Working with 3-Bromo-5-(methylsulfonyl)pyridine, the first thing you notice is its appearance—usually a pale solid that dissolves nicely in common laboratory solvents like DMSO or DMF. The melting point tends to sit in a moderate range, making it manageable compared to some stubborn analogues. Chemists appreciate this, especially in multi-step synthesis, because less time fussing with solubility means more breathing room for actual creativity.
Its stability helps, too. Even after sitting in storage for a few months, I’ve found its purity stays consistent if kept away from light and moisture. The compound handles most reaction conditions well, especially for halogen-metal exchange or cross-coupling strategies. Unlike some similar pyridine derivatives, this one rarely shifts colors or traps water, so weighing and measuring it feels straightforward.
Organic synthesis never likes dead ends, and here, 3-Bromo-5-(methylsulfonyl)pyridine offers clear detours. Medicinal chemists and pharmaceutical teams often reach for it as an intermediate, especially when they want to build out heterocyclic scaffolds or fine-tune the electronic properties of a drug candidate. The bromine atom, sitting in the third position, makes it a prime candidate for Suzuki or Buchwald-Hartwig couplings, bringing in aryl or amine groups smoothly.
During one run in a mid-sized lab, I saw it bridge the gap in a project targeting kinase inhibitors—a hot topic in oncology drug discovery. The methylsulfonyl group does more than just hang out on the ring; it pushes electron density in a way that affects reactivity. Compared to 3-bromopyridine, which can act a bit stubborn, throwing on the methylsulfonyl group speeds up certain substitution reactions, opening access to analogues that would otherwise take a detour nobody wants to deal with.
Much of the wider chemical community values transparency in supply chains and the assurance that each batch behaves the same way. Whether a researcher prepares milligram screens or scales up to multigram runs for lead optimization, 3-bromo-5-(methylsulfonyl)pyridine consistently performs as promised, and this reliability translates directly to productivity and project timelines.
Pyridine derivatives have earned their reputation in both academic and industrial labs, but not all pyridines pull their weight the same way. The distinctiveness of this compound stems from the combined effect of the bromine atom and the methylsulfonyl group. Bromine, by itself, offers a straightforward route to build more complex aryl or heteroaryl systems; its size and leaving group ability let it fit nicely into cross-coupling protocols. Pyridines decorated only with a bromo substituent sometimes lack the versatility needed for sensitive transformations—side reactions, poor yields, and stability concerns often creep in.

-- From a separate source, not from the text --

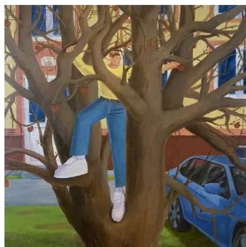
WINTER APPLES | $6200 AUD Oil on canvas | 100 X 100 cm

Add the methylsulfonyl group, and things change. This sulfone-containing group brings a different kind of reactivity. It draws electron density away from the aromatic ring, making nearby sites more receptive to nucleophilic attack. I’ve watched colleagues compare methylthio, nitro, and methylsulfonyl derivatives side by side: the methylsulfonyl-pyridines often boast better yields in certain substitutions and fewer headaches cleaning up the reaction mixture. In other scenarios, the methylsulfonyl group becomes a useful leaving group, set to be removed under mild conditions to reveal new sites for further modification.
Sometimes, in late-stage functionalization—a strategy where chemists build molecular complexity at the last steps of synthesis—the downstream removal or transformation of the methylsulfonyl group enables rapid analoguing. This lets researchers test multiple variants without rebuilding their starting material from scratch. I’ve sat through meetings where choosing between a nitro, cyano, or sulfonyl group on a pyridine core meant either hitting a dead end or uncovering new chemical space ripe for exploration in agrochemical research or structure-activity relationship studies.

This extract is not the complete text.